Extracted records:

◆ ◆ ◆ ◆ ◆ ◆ ◆

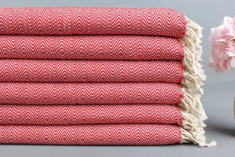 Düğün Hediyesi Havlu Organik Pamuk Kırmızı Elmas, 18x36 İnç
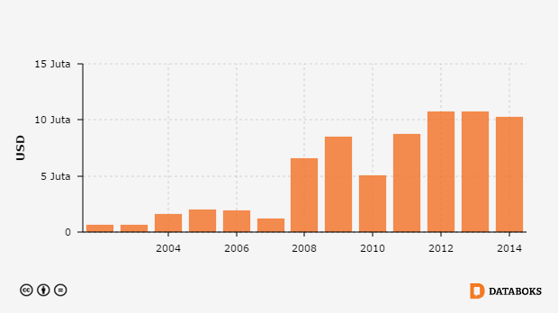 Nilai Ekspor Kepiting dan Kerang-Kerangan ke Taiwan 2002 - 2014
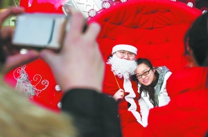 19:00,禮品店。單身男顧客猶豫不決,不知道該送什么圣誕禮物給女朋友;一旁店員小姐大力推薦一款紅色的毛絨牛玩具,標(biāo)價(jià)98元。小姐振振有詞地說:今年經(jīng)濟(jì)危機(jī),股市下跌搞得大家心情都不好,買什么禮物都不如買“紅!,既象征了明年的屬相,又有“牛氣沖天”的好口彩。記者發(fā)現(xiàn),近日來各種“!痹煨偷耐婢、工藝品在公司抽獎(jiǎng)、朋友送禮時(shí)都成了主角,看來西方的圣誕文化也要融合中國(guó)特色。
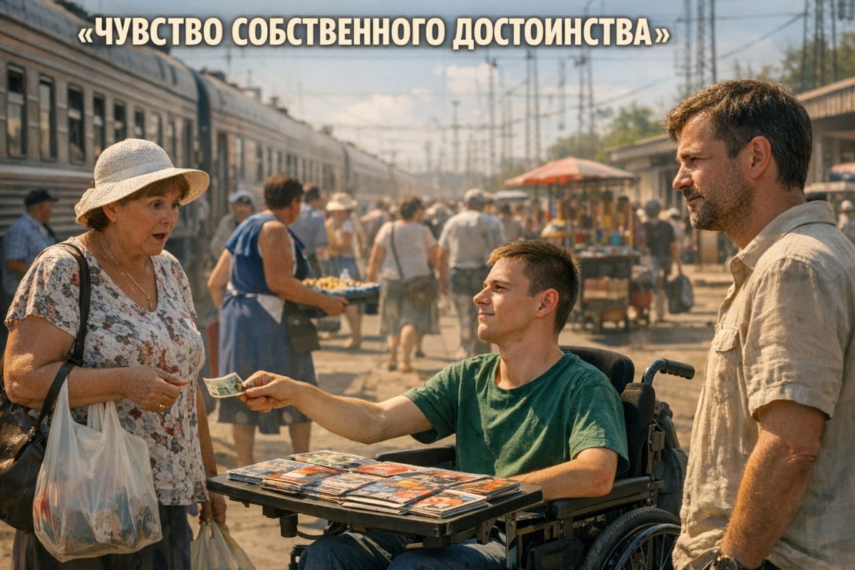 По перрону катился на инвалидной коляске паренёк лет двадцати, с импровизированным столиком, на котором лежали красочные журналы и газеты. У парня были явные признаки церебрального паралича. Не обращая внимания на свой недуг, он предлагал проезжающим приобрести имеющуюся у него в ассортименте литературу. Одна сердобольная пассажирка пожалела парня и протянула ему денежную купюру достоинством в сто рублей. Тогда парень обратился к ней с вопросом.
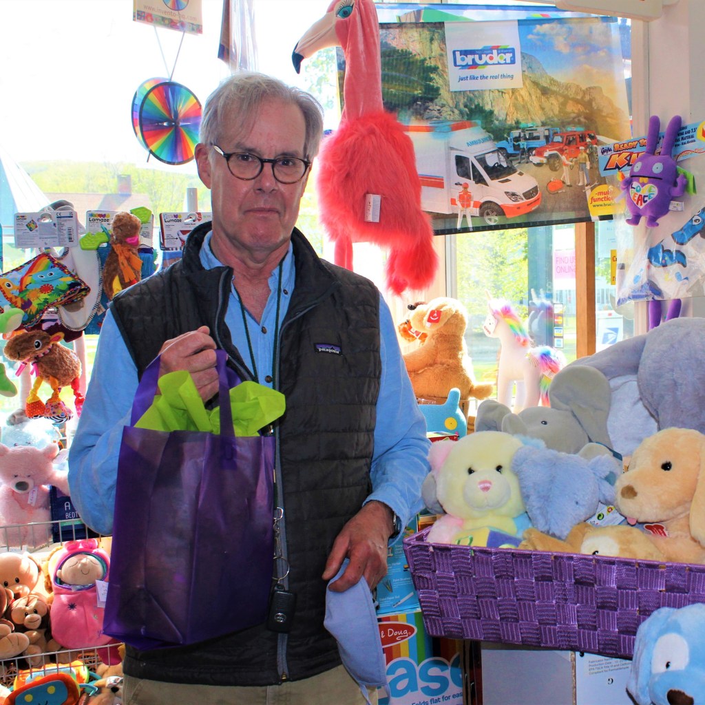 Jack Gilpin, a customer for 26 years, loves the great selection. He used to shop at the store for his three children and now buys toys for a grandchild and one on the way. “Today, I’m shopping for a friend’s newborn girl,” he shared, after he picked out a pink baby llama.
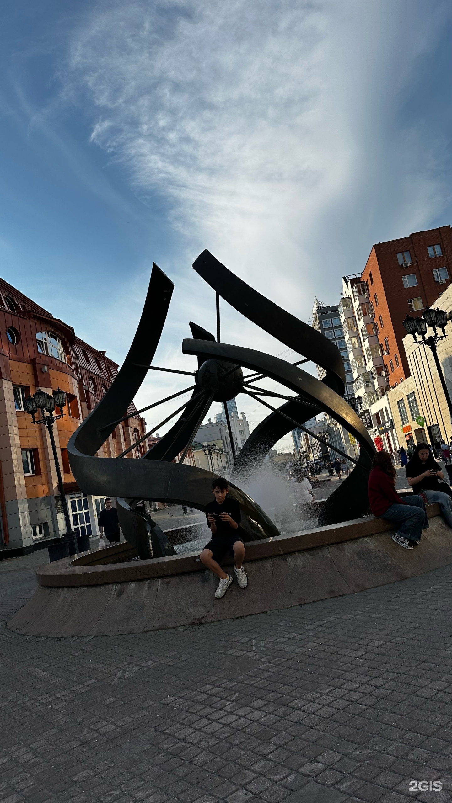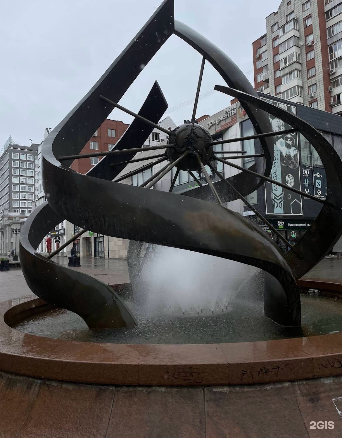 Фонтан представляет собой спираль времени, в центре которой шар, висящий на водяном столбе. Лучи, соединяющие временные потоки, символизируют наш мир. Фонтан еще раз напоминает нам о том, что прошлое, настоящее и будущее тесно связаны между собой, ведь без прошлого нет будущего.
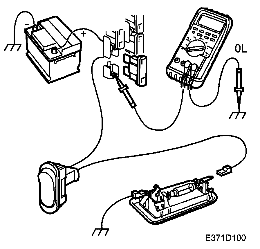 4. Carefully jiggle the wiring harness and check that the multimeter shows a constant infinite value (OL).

◆ ◆ ◆ ◆ ◆ ◆ ◆

[Assignment]
Restate word for word only the lines from where the entries begin through the one with "Nilai Ekspor Kepiting"; omit the pictures.

[Answer section]
 Düğün Hediyesi Havlu Organik Pamuk Kırmızı Elmas, 18x36 İnç
 Nilai Ekspor Kepiting dan Kerang-Kerangan ke Taiwan 2002 - 2014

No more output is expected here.